“I don’t like it when they call me the king of mozzarella. That title is loaded with pressure and responsibility,” Giuseppe Argentieri says with a smile as he supervises the production of the day’s batch of fresh burrata before shipping it to specialty stores all over the Boston area.
Then, after swallowing a chunk of the white, chewy, still-warm product of a morning’s work and giving the nod to the cheese maker — who puts these balls of goodness together by hand — he suddenly becomes serious. “All I’d like to be considered is the one who makes the best product possible.” And this, for the energetic 38-year-old entrepreneur from Salento (the southernmost tip of Italy’s heel), is no joke.

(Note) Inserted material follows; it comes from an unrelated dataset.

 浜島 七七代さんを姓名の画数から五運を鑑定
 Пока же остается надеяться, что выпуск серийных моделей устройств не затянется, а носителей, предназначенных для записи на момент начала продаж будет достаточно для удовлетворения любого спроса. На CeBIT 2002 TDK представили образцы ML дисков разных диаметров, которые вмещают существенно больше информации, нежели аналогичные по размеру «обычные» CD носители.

Actually, he is right on both counts. First of all, kings are usually born into royalty, while cheese making — which in Giuseppe’s native region of Apulia is jealously passed on through generations — has never been in his family tree.

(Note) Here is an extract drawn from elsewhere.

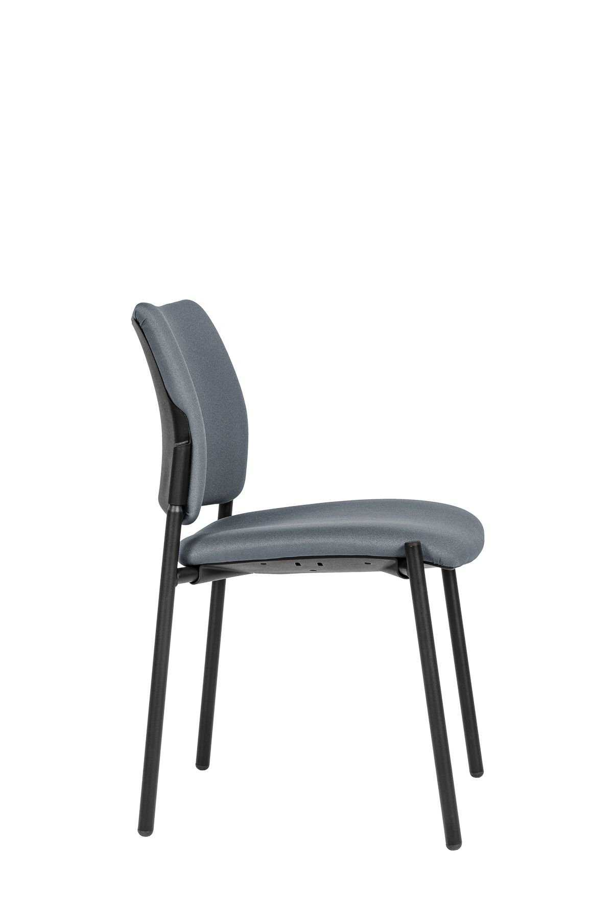 moderní jednací židle bez područek, čalouněný sedák a opěrák, ocelový rám lakovaný černě, stohovatelnost 5 kusů, nosnost 120 kg, záruka 36 měsíců, český výrobek

In fact, when he came to America 15 years ago as a Lavazza coffee distributor (which by the way he still is), cheese making was not even remotely in his plans. “I was just a customer of Mozzarella House, this mom-and-pop cheese making facility in Everett with a little retail shop on the side,” he recalls. And a demanding and picky customer he was. “I would go there every week and complain with the owner when the product was not as good as usual. Sometimes I even had the arrogance to tell them how to make quality more consistent.”
In 2009, when the original owner — an Bostonian Italian American named Maria — began to speak of selling the business, he saw an opportunity to do something he had wanted to do for quite sometime.
“After years of selling Italian excellence made by others, I wanted to have a product of my own,” he recalls, adding, “as long as it was local — in terms of high-quality ingredients, of which this country is an endless source — and authentically Italian — in terms of production and know-how, for which this area of the country has an endless demand. It could have been pasta, bread, cakes … it happened to be cheese.”
He bought the business, initially leaving it almost unchanged, the name included, while he ventured out to gain a basic knowledge of the craft, both in Italy and in America, including specialized college courses like the one he took at Cornell.
The level of quality he has achieved has allowed his cheeses — mozzarella, mostly, but also ricotta, scamorza and stracciatella — to hit the shelves of such gourmet shops as Formaggio Kitchen, Savenor’s and Salumeria Italiana, as well as a number of high-end restaurants and pizzerias. “People here generally understand and appreciate this kind of product,” he explains with a touch of pride, “which makes it easier in a way but harder in another – including when it comes competition.
Enjoying an annual growth rate of 20 percent despite the slow economy, he has emerged the state’s main cheese producer as well as the owner of the state’s largest cheese making facility, a half-million-dollar state-of-the-art operation he opened last May in Peabody where tons of milk are processed each week, he says.
Not by chance, he has been one of the main driving forces behind the fledgling Massachusetts Cheesemakers Guild, an association of more than 20 in-state producers aimed at promoting the local product in the face of stiff competition from more their established and visible counterparts in Vermont and Wisconsin. Among the guild’s goals is the opening of a retail store in Boston for the direct sales of cheeses produced by the members. In the meantime, Giuseppe plans to boost sales to the public by opening a small retail shop next to his Peabody facility.
“There is nothing better than selling something you love,” Giuseppe explains, admitting with a sparkle in his eyes to being an avid consumer of his own product: “I serve it on my family’s dinner table at least twice a week, and I make sure my friends get a steady supply of it, too. It is the best and most pleasant form of quality control.
“And even more pleasant,” he concludes, “is the idea of doing my part, day in and day out, to promote Italian excellence in the world.”
So, he might not feel like or want to be called a king, but certainly he is doing his best to serve at least as an ambassador.